- WORK REQUIRED:
Print every line from the start of the data, and when you reach the line with "669.76(04), 669.776(04), 669.87(04)", include it and stop. Pictures are not part of the copy.

- INFORMATION PROVIDED:
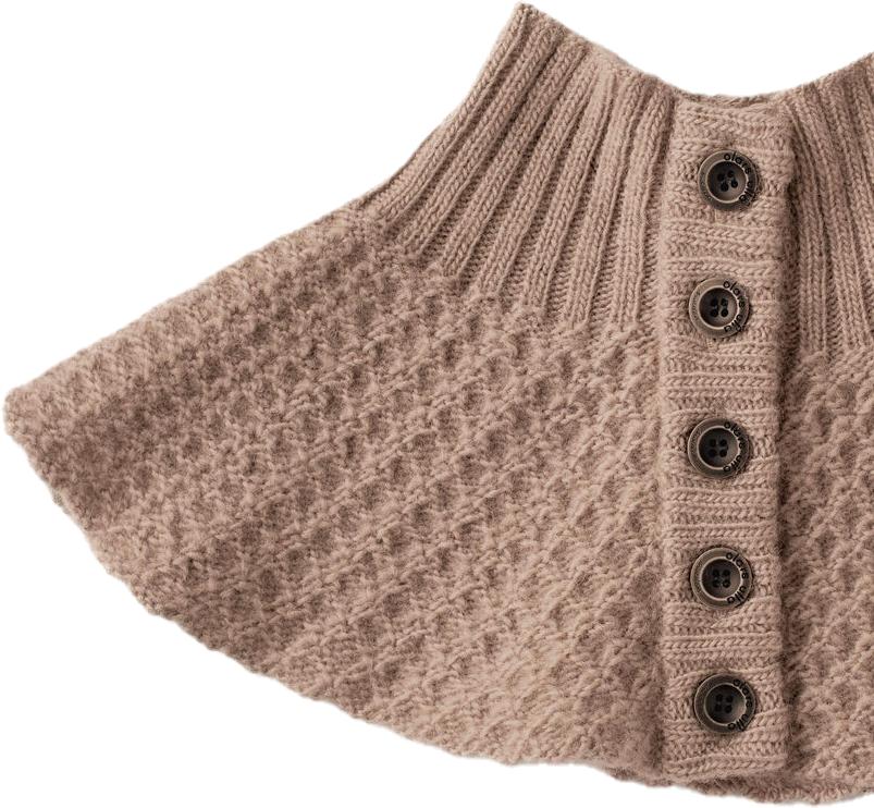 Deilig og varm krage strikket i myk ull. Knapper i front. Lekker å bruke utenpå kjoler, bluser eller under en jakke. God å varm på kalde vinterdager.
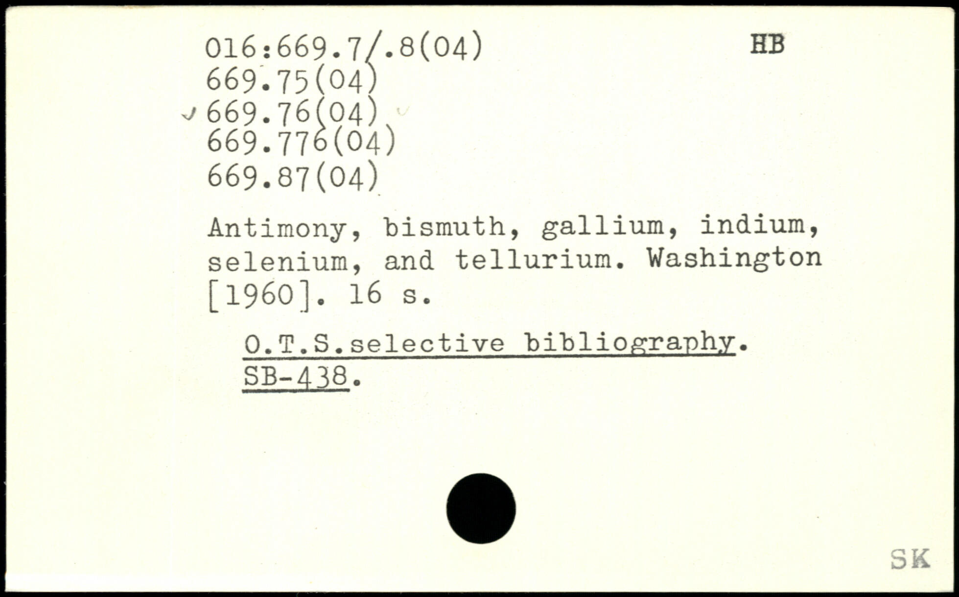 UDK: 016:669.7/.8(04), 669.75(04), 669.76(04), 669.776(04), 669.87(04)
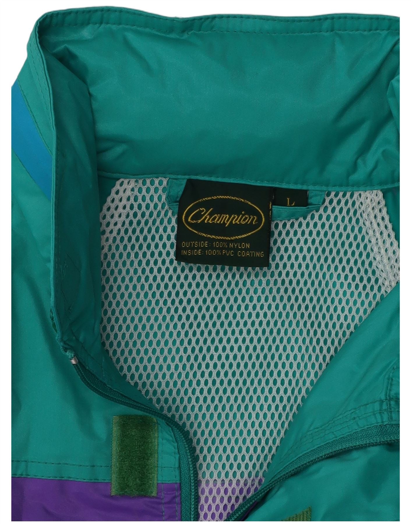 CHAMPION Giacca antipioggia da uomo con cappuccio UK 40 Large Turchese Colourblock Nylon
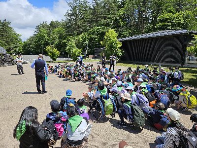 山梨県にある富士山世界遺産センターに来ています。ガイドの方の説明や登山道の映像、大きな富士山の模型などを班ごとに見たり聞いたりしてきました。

- RESPONSE AREA:
 Deilig og varm krage strikket i myk ull. Knapper i front. Lekker å bruke utenpå kjoler, bluser eller under en jakke. God å varm på kalde vinterdager.
 UDK: 016:669.7/.8(04), 669.75(04), 669.76(04), 669.776(04), 669.87(04)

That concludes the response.